### DATA PROVIDED
══════════

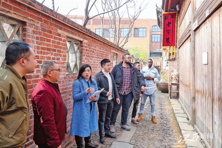 ▲2月19日,全国人大代表、景德镇陶瓷大学国际学院院长张婧婧(左三)在景德镇市陶阳里御窑景区调研。摄影|江西日报全媒体记者洪子波
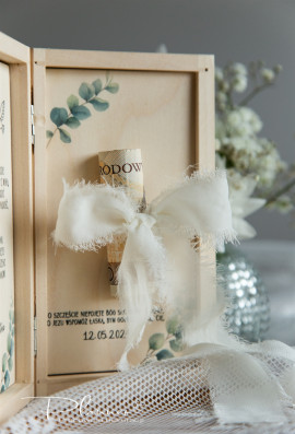 Szkatułka na pieniądze. Ze wstążką szyfonową. Kolor do wyboru to: biel, ecru, beż, zieleń, róż.
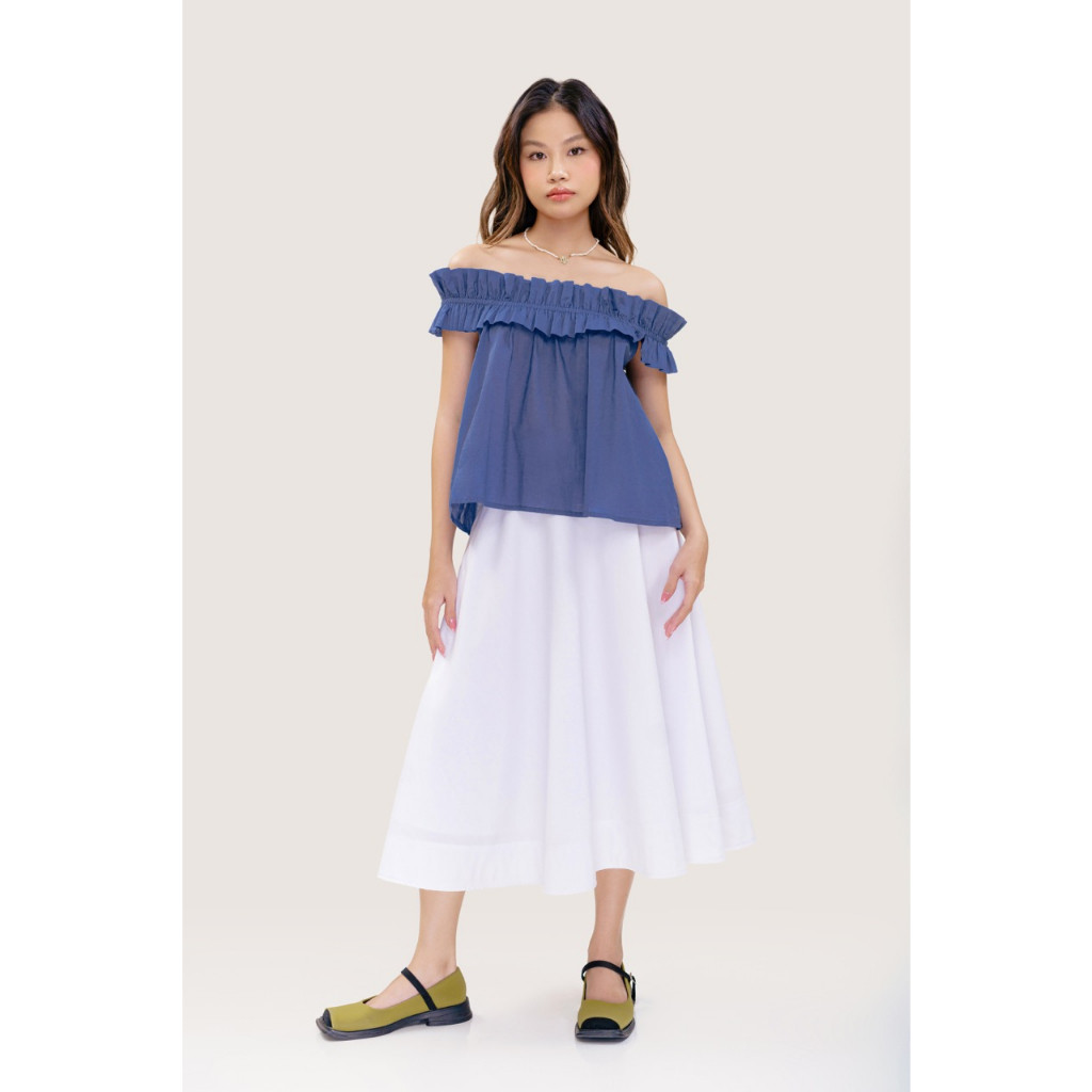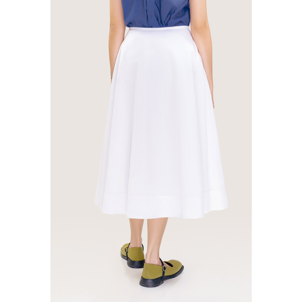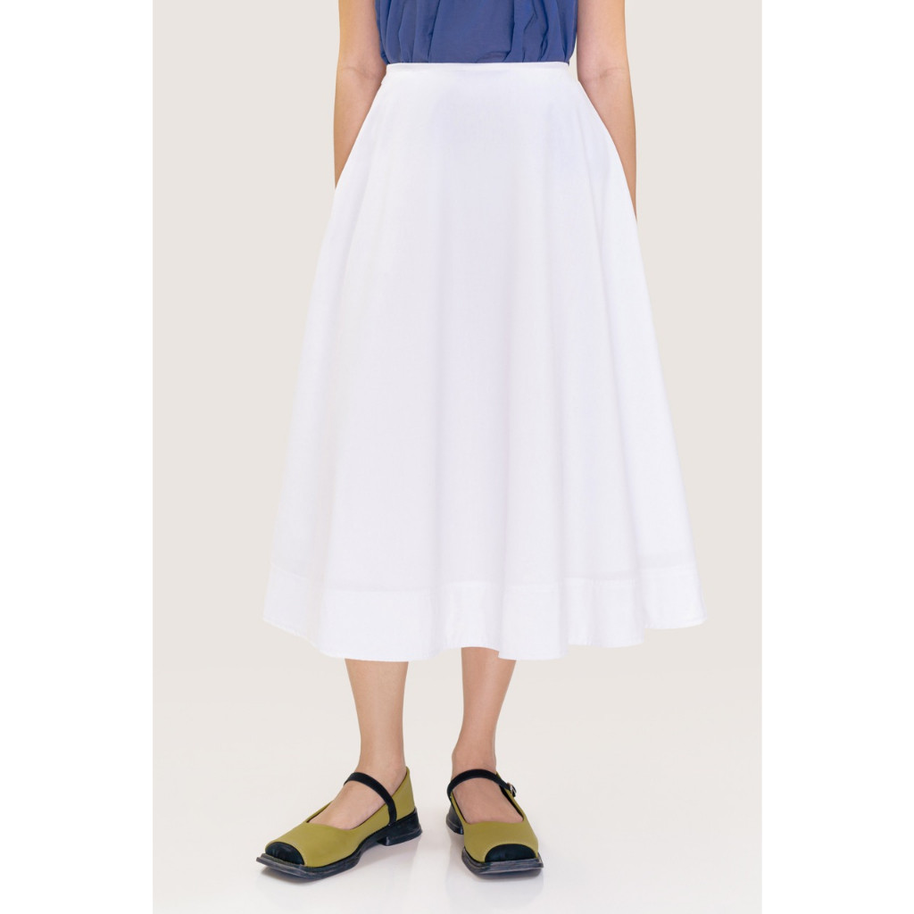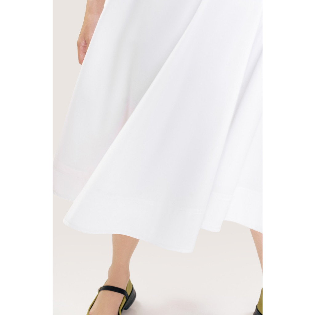 LIBÉ - Chân váy xoè cánh quạt dài qua gối màu trắng

══════════

### WHAT YOU WILL DO
Transcribe, without alteration, each line from the one with "Szkatułka na pieniądze." through the last line of the data; no pictures belong in the copy.

### EXERCISE ANSWER
 Szkatułka na pieniądze. Ze wstążką szyfonową. Kolor do wyboru to: biel, ecru, beż, zieleń, róż.
 LIBÉ - Chân váy xoè cánh quạt dài qua gối màu trắng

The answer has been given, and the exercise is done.